# Hand Truck wheel covers



## suzie (Sep 1, 2010)

Anyone know where I can get wheel booties for a hand truck/two wheeler?


----------



## PLUMBER_BILL (Oct 23, 2009)

suzie said:


> anyone know where i can get wheel booties for a hand truck/two wheeler?


i always used the shoe covers ... Also used them for smoke detector covers ... I assume that the hand truck wheels are about 6" ... Small wheels might not work!


----------



## suzie (Sep 1, 2010)

PLUMBER_BILL said:


> i always used the shoe covers ... Also used them for smoke detector covers ... I assume that the hand truck wheels are about 6" ... Small wheels might not work!

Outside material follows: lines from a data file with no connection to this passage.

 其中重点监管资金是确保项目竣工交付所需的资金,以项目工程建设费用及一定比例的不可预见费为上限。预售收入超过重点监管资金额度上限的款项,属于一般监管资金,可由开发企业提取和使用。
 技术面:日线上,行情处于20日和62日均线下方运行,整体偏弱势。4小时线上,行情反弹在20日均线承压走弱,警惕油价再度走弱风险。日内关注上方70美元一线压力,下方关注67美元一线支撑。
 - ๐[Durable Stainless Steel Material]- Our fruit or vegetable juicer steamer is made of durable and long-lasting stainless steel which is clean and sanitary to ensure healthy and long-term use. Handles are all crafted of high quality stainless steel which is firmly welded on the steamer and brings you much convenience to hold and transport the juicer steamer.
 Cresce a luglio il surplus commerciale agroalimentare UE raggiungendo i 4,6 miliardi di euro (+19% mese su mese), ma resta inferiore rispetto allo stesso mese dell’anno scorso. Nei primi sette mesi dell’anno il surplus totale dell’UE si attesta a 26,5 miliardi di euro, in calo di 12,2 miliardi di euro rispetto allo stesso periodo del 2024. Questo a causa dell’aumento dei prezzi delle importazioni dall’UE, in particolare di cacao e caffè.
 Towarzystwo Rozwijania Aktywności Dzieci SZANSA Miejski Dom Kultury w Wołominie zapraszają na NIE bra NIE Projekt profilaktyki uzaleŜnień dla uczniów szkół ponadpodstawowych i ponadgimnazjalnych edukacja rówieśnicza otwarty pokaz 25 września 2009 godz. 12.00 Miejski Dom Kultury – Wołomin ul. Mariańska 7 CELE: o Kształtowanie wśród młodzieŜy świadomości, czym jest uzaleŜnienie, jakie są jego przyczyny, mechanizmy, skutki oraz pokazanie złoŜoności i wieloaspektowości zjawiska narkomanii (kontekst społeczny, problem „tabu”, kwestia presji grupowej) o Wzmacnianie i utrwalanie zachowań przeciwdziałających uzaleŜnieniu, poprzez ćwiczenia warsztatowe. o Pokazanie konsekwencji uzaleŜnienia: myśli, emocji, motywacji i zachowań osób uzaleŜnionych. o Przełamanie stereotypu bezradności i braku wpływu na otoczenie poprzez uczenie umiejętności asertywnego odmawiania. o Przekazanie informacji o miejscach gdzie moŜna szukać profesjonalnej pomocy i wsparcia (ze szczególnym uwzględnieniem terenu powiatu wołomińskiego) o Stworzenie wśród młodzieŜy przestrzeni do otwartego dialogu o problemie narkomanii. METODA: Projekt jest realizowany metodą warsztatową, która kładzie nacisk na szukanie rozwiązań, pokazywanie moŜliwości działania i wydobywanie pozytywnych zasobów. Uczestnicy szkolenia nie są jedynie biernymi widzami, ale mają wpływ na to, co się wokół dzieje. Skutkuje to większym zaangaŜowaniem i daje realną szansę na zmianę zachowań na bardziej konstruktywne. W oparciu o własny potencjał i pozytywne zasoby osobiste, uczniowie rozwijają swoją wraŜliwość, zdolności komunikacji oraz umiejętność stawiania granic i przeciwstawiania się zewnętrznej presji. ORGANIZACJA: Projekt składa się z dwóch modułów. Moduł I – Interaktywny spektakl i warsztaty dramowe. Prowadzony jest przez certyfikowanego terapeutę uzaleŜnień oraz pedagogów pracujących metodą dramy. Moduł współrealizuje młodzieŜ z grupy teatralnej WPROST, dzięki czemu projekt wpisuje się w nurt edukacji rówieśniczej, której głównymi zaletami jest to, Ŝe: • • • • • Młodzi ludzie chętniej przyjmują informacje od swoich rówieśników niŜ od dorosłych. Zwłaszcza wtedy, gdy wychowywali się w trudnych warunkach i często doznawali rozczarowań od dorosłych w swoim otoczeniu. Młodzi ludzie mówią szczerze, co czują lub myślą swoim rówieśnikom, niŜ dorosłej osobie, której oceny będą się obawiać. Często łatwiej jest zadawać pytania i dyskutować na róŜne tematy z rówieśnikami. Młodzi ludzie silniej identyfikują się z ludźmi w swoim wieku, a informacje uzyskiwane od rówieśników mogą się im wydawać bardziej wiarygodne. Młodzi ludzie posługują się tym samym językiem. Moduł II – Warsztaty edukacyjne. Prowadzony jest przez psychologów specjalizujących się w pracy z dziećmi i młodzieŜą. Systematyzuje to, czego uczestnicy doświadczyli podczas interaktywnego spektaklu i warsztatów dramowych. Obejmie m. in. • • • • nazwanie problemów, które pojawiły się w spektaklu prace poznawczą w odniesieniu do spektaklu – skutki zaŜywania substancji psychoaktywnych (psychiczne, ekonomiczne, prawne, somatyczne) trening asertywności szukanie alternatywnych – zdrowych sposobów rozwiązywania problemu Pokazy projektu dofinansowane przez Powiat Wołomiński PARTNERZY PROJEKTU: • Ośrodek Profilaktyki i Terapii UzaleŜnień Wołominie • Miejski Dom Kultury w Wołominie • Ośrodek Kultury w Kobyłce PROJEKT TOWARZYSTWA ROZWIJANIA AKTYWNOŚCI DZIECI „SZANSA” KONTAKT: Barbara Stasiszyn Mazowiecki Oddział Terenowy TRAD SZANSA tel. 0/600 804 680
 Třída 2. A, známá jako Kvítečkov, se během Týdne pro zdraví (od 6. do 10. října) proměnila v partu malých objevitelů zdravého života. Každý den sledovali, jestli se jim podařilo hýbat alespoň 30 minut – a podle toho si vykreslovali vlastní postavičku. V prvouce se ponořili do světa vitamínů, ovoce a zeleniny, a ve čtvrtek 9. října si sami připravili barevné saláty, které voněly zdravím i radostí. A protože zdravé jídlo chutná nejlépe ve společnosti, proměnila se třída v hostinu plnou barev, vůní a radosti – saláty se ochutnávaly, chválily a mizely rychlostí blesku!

I guess I will just use my work boot cover. I thought maybe there were wheel covers that fit tighter. I have the smallest shoe covers and I trip over them all the time.


----------



## JK949 (Mar 18, 2009)

I use either masking tape or metal HVAC tape.


----------



## HSI (Jun 3, 2011)

I have had good luck with a damp rag to wipe and then use a dry one.


----------



## Richard Hilliard (Apr 10, 2010)

PLUMBER_BILL said:


> i always used the shoe covers ... Also used them for smoke detector covers ... I assume that the hand truck wheels are about 6" ... Small wheels might not work!


 
absolutely 100% spot on.


----------



## UN1TED-WE-PLUMB (Oct 3, 2012)

I just use drop clothes. I have about 90' of runners on my truck.


----------



## SewerRatz (Apr 25, 2009)

Before shoe covers, my father always kept plastic and paper bags on the truck with some duct tape. Always worked for him.


----------



## plbgbiz (Aug 27, 2010)

suzie said:


> Anyone know where I can get wheel booties for a hand truck/two wheeler?


2-wheeler covers would have to fit pretty tight to maintain traction and be able to stay in position. With the weight of a water heater, rubber tires, and tight turn in hallways it seems like a tall order. You may be better off with floor runners.


----------



## Rotorooter1277 (Jul 8, 2012)

Roto-Rooter actually makes wheel covers for hand trucks and drain cleaning machines. I think they are $17.50 for a pair of 25. However, they do have our logo on them so that might not work for you. I guess you could turn them inside out


----------